Modern macroeconomic thinking incorporates the concept of rational expectations. Rational expectations is the notion that while individuals in the economy may not always be able to accurately predict the future, they at least do not consistently underestimate or overestimate. On average people hit their forecast targets right on.
To continue with the hunting analogy, suppose you have a gun with a bad sight. When you fire it into a target you consistently hit it too low and to the right. If you could not adjust the sight and were forced to take the gun hunting, you would mentally adjust by aiming a bit high and to the left of the intended target, in an attempt to correct the bias. Households and firms do something similar when they forecast the future of the economy. Household savings decisions, for example, are based on expectations about what interest rates will be earned in the future and what wages the household can expect in future years. Often households rely on analysis from professional financial planners and/or economy-watchers, but they make the same kinds of adjustments.

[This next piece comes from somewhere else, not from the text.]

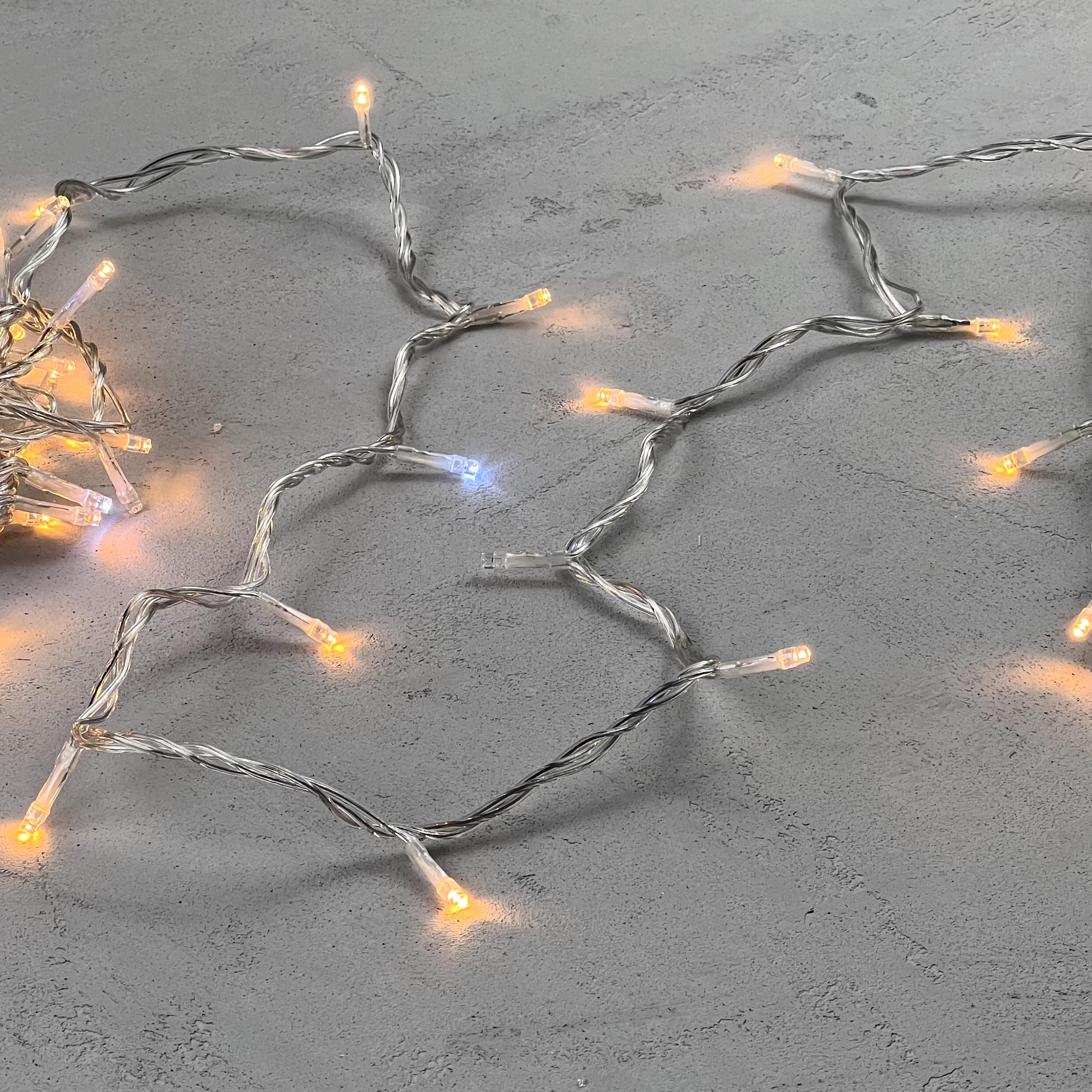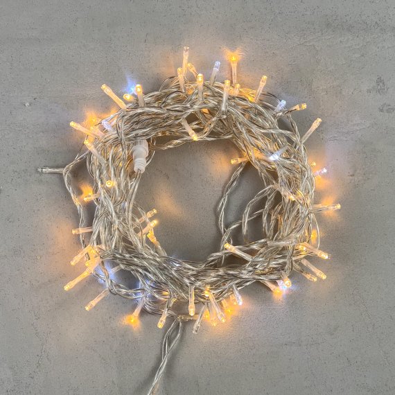 Гирлянда Нить 10м Экстра Тепло-Белая с Мерцанием Белого Диода 24В, 100 LED, Провод Прозрачный ПВХ, IP54

Rational expectations as an economic theory says that agents in the economy will take all relevant information into account when forming a forecast or expectation of the future. Failure to do so leads to mistakes that the agents will regret later. Just as failure to adjust for the bad sight on a gun leads failure in hunting, failure to adequately process all relevant information leads to bad economic outcomes. Incorporating this insight into economic models has led to a vast improvement in the quality of macroeconomic models over the past several decades.